Des Hommes Et Des Dieux raconte le grand dilemme et la prise de position historique de neuf moines français domiciliés en Algérie et confrontés au fanatisme religieux d’une frange de la population locale. Menés par le frère Christian, les moines résisteront à l’envie de faire place nette, convaincus que leur foi brille au-dessus des conflits et que leur mission universelle est d’apporter de l’amour sans condition. Cette admirable cause se heurtera à de funestes oppositions, puisque sept d’entre eux seront enlevés et assassinés.
Le film est moins une apologie du christianisme qu’un effort a priori honnête de réconcilier tous les hommes à travers la beauté muette de l’empathie. A ce titre, l’absence d’une bande originale est donc légitimée. Le silence a ses quartiers dans la plupart des scènes. Les dialogues ont une profonde qualité littéraire dont tous les scénaristes devraient s’inspirer car elle rehausse le propos sans jamais déposséder les comédiens de leur naturel. Tout au contraire, l’impact des mots avive notre intérêt pour ce débat sur l’implication spirituelle pendant que la simplicité du jeu fait son travail de séduction.

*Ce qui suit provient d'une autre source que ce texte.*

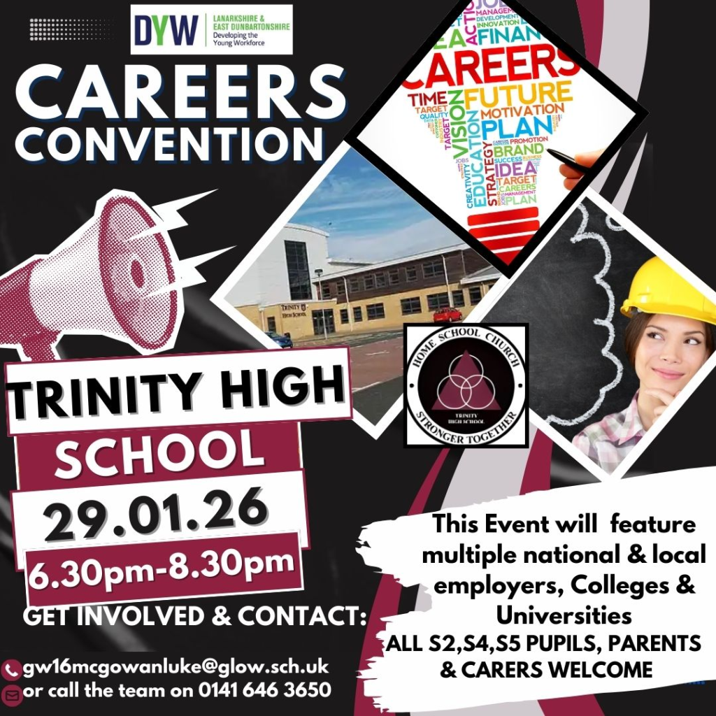 โ Trinity High School, Rutherglen is holding a Careers Convention on Thursday the 29th of January, to help prepare our young people for their future.

A ce jeu-là, Lambert Wilson, Michael Lonsdale et leurs coreligionnaires font charité de leur talent. Leur maîtrise du sujet impressionne. L’unique scène en musique est un bel exemple de cette force de l’émotion sans maquillage et de ce qu’un réalisateur gagne à laisser ses acteurs dominer la technique. Le dénuement du style graphique est ici un dénuement fructueux. Ce qui l’est moins, c’est la philosophie fataliste des moines pour qui l’échec, la pauvreté et la mort mènent à Dieu. S’il ne s’agit pas d’une franche inclination à la passivité et s’il est vrai que les neuf compagnons participent à la vie autochtone de leur mieux et dans les règles de leur fonction, on ne peut s’empêcher de voir qu’ils n’ont aucune influence autour d’eux et que leur bonté d’âme n’a d’effet pratique que dans les mains de frère Luc, le médecin.

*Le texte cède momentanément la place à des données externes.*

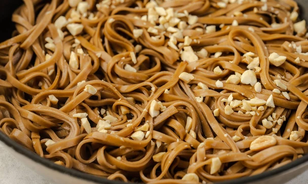 Паста для веганов на основе собы. Арахис и соевый соус придают ей азиатские нотки, делая вкус ярким.
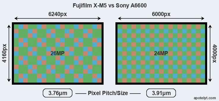 While the two cameras under review share the same sensor size, the X-M5 offers a slightly higher resolution of 26 megapixels, compared with 24 MP of the A6600. This megapixels advantage translates into a 4 percent gain in linear resolution. On the other hand, these sensor specs imply that the X-M5 has a higher pixel density and a smaller size of the individual pixel (with a pixel pitch of 3.76μm versus 3.91μm for the A6600). In this context, it should be noted, however, that the X-M5 is much more recent (by 6 years and 1 month) than the A6600, and its sensor will have benefitted from technological advances during this time that compensate for the smaller pixel size. Coming back to sensor resolution, it should be mentioned that the X-M5 has no anti-alias filter installed, so that it can capture all the detail its sensor resolves.
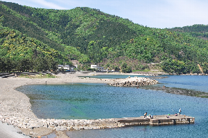 食見海岸は、さざ波程度の極めて小さな波がありますが穏やかな海況です。

Tournés davantage vers le Très-Haut que vers le bas monde, ils ne communiquent pas leur passion. Inaptes à fuir le danger, ils sont aussi inaptes à le conjurer. Leur impuissance devient sacrée parce qu’elle est avouée. Cet aveu, à notre avis, ne ressemble pas à la force propagatrice d’un Gandhi. Cependant, le film en lui-même évite l’écueil de la mièvrerie et sans pour autant trouver des réponses satisfaisantes aux questions de rapprochement des peuples, il encourage la sincérité des idées et la dignité d’en être responsable.